Deux tribunaux pour un objectif explosif
La prochaine étape décisive du conflit entre l’UEFA et la FIFA pourrait se jouer non pas à Zurich ou à Nyon, mais devant deux tribunaux fédéraux américains.
Le 27 août, l’UEFA a déposé des demandes à New York et en Floride afin d’obtenir des documents et des témoignages concernant FIFA Forward Enterprise. Ce projet, désormais abandonné, prévoyait de céder à des investisseurs 20 % d’une société contrôlant d’importants droits commerciaux de la FIFA, contre 4,2 milliards de dollars.
Selon l’Associated Press, la procédure new-yorkaise vise Thrive Capital Management, fondée par Josh Kushner. En Floride, l’UEFA réclame des éléments à FIFA (AMERICAS), Inc. et FWC2026 US, Inc., deux entités liées à la FIFA et établies à Coral Gables.

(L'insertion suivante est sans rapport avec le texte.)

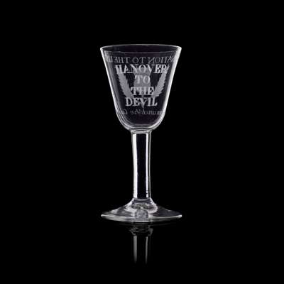 'HANOVER TO THE DEVIL' indicates the owners' hope that the Stuart legitimacy would one day be recognised, and the Hanoverian Kings would not only be removed from the throne but sent to the Devil. Other glasses with the House of Hanover and the Devil are recorded, notably within the collection of Traquair House. 'DAMNATION TO THE UNION' is overtly an anti-Union sentiment that many Scots still held by the mid-18th century.

Ces preuves pourraient alimenter une future plainte pénale en Suisse pour une éventuelle gestion déloyale imputée à Infantino et, potentiellement, à d’autres responsables de la FIFA.
Toujours aucune autorisation publique
Au 31 août, aucune décision judiciaire publiquement accessible autorisant l’une des demandes n’a été identifiée. Les deux procédures paraissent donc toujours en attente.
La nuance est essentielle. L’UEFA a sollicité l’assistance des tribunaux, mais elle n’a pas encore publiquement obtenu les éléments recherchés. Aucun juge américain ne s’est non plus prononcé sur le bien-fondé de ses accusations.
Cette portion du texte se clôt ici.